Canada Should Consider Using Deferred Prosecution Agreements
A Deferred Prosecution Agreement (“DPA”) is a discretionary tool available to prosecutors for the resolution and disposition of corporate criminal conduct. Essentially it is an agreement between a criminal prosecutor and an indicted accused to forgo prosecution of the crime with which the accused is charged on the understanding that the accused will fulfill the obligations imposed on it by the DPA. The obligations can involve the accused making restitution to victims, paying penalties and investigation costs and undertaking remedial work to minimize the risk of the wrongdoing being repeated. If the accused complies with its obligations the prosecutor agrees not to prosecute the accused, meaning there is no finding of guilt and no conviction registered against it. If the accused fails to comply, the prosecutor is free to prosecute the accused for the alleged crime. In all cases, the rationale for a DPA is that the public interest would be better served without proceeding with a prosecution.
For many years now, DPAs have been used by the U.S. Department of Justice in criminal proceedings involving corporate offenders who have committed financial and corruption offences. Prosecutors will only consider proceeding by way of a DPA when the entity has: (1) self-reported the wrongdoing to law enforcement authorities; (2) completely and honestly assisted with the subsequent criminal investigation; and (3) acted quickly to remediate the cause of the offence.

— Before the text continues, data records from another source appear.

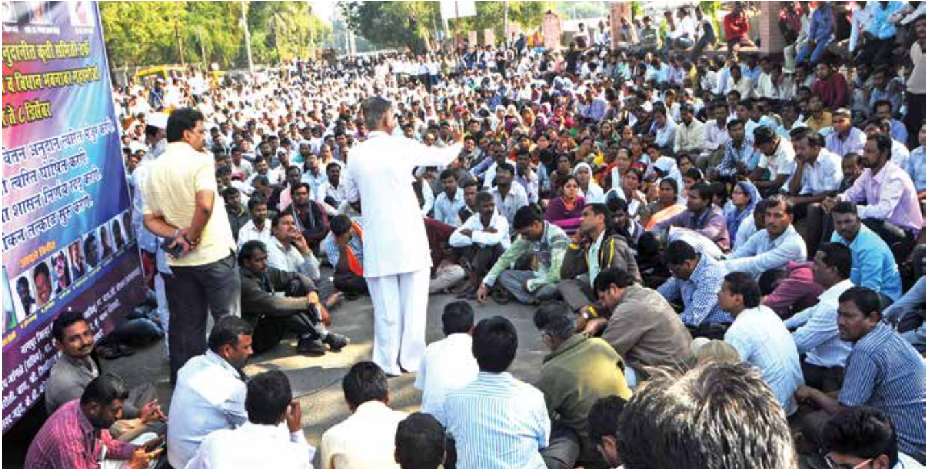
मोर्चाशिवाय अधिवेशन नाही..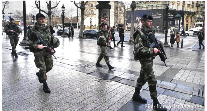
Patrouille der französischen Armee nach den Attentaten in Paris.

Mental und physisch sind diese Einheiten nicht in der Lage, auch nur annähernd in der geforderten Zeit «Wirkung im Ziel» zu erbringen. Um in einer kriegerischen Auseinandersetzung auch nur einigermaßen bestehen zu können, werden zwischen sechs und zwölf Wochen an intensiver gefechtstechnischer Ausbildung benötigt. Auch dann verbleibt, dass im mentalen Bereich keine noch so gute fachtechnische Ausbildung den fehlenden Praxisbezug der Schweizer Armee wettmachen wird. Wer sein Armeeleben lang in simulierten Übungen von durchschnittlich 15 Minuten auf Panzerattrappen geschossen hat, wird den kriegerischen Alltag weder annehmen noch überleben können. Zudem wird die Bereitschaft, den Auftrag unter Einsatz des Lebens zu erfüllen, nur bei wenigen Prozenten der Truppe überhaupt vorhanden sein. Der weitaus grösste Teil wird das eigene Überleben in den Vordergrund stellen. Es besteht die Gefahr, dass sich die Armee im Wesentlichen mit sich selber beschäftigt.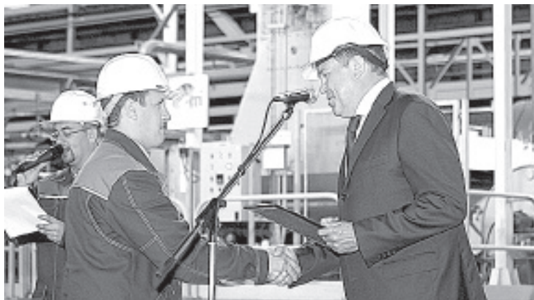
В ходе церемонии были отмечены передовики производства.

Широкая география поставок нашла свое отражение на импровизированной карте, где стрелки связывают Череповец со Всеволожском, Тольятти, Ульяновском, Минском, Самаркандом и другими города-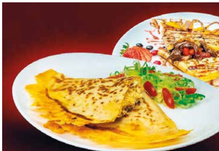
Casa oferece crepes salgados e doces de vários sabores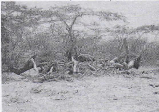
Bosque afectado por tala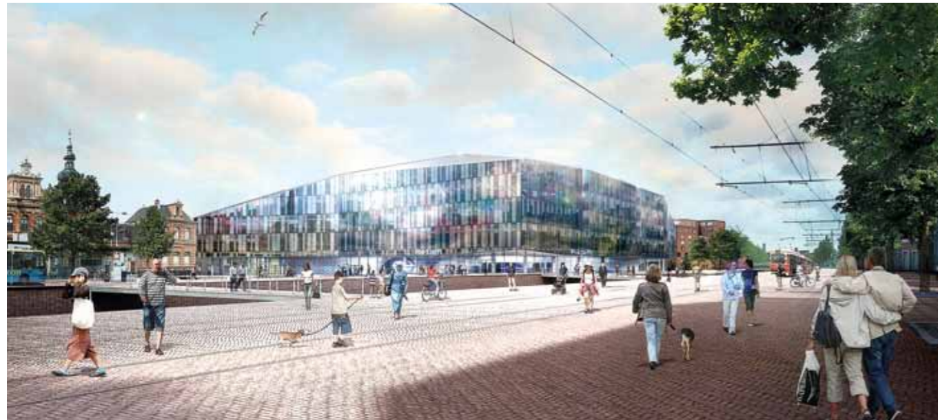
Artist Impression definitief ontwerp van Mecanoo gezien vanaf de Westvest

In 2013, the United Kingdom enacted the Crime and Courts Act permitting prosecutors to enter into DPAs. Its first DPA was approved by the British courts late in 2015, and involved Standard Bank PLC, which admitted that it had bribed foreign government officials contrary to s.7 of the Bribery Act. Here is a copy of that DPA.
Canada does not have any formal DPA policy applicable in corporate criminal prosecutions. That is probably because such prosecutions in Canada have been rare. But that is changing. Subsequent to the 1992 Westray mine-disaster, there is now a greater inclination to hold corporations accountable for alleged criminal wrongdoing. Consequently, corporations have been successfully prosecuted for criminal negligence causing the deaths of their employees. In addition, SNC-Lavalin is the fourth company to be charged under Canada’s anti-foreign corruption legislation.
Parliament has also simplified corporate prosecutions. Bill C-45, enacted over 10 years ago, has eased the burden on the Crown in the prosecution of corporations through the elimination of the “identification doctrine”. It required the Crown to prove corporate fault through the wrongful acts or omissions of senior decision-makers. Now, through amendments to the Criminal Code, the wrongful acts or omissions of employees who have only operational responsibilities – like a manager or supervisor – are sufficient to engage corporate criminal liability.
It is because of the C-45 legislation that a strong case can be made for the use of DPAs in Canada. Responsible corporations invest in policies, procedures and training that foster a compliance culture. But this does not insulate corporations from criminal liability. As examples, if a well trained supervisor inexplicably acts contrary to his or her responsibilities causing the death of an employee in the workplace, or a regional manager well-versed in the employer’s anti-corruption policies and procedures nevertheless bribes a local foreign official, under the C-45 amendments the corporation is exposed to criminal liability. Satisfactory corporate compliance policies and procedures and robust employee training may act as mitigating factors when it comes to sentencing, but they will not exculpate the corporation.
DPAs can contribute positively to the administration of justice in circumstances wherein the stigma of criminal conviction may not be warranted, such as when the corporation: (1) has no previous convictions; (2) has satisfactory compliance systems; (3) has self-reported the criminal conduct; (4) has fully co-operated with the criminal investigation; and, (5) has undertaken remedial steps to avoid a repeat. Circumstance (2) has the added benefit of limiting the risk of corporate wrong doing and contributing to overall compliance with our laws.
Within the context of financial crimes, the federal government’s Integrity Framework provides another compelling reason to consider the use of DPAs. It prohibits convicted Canadian corporations and their affiliates from bidding for government contracts for at least 5 and in some cases 10 years. In the circumstances described above, that harms, not serves, the public interest.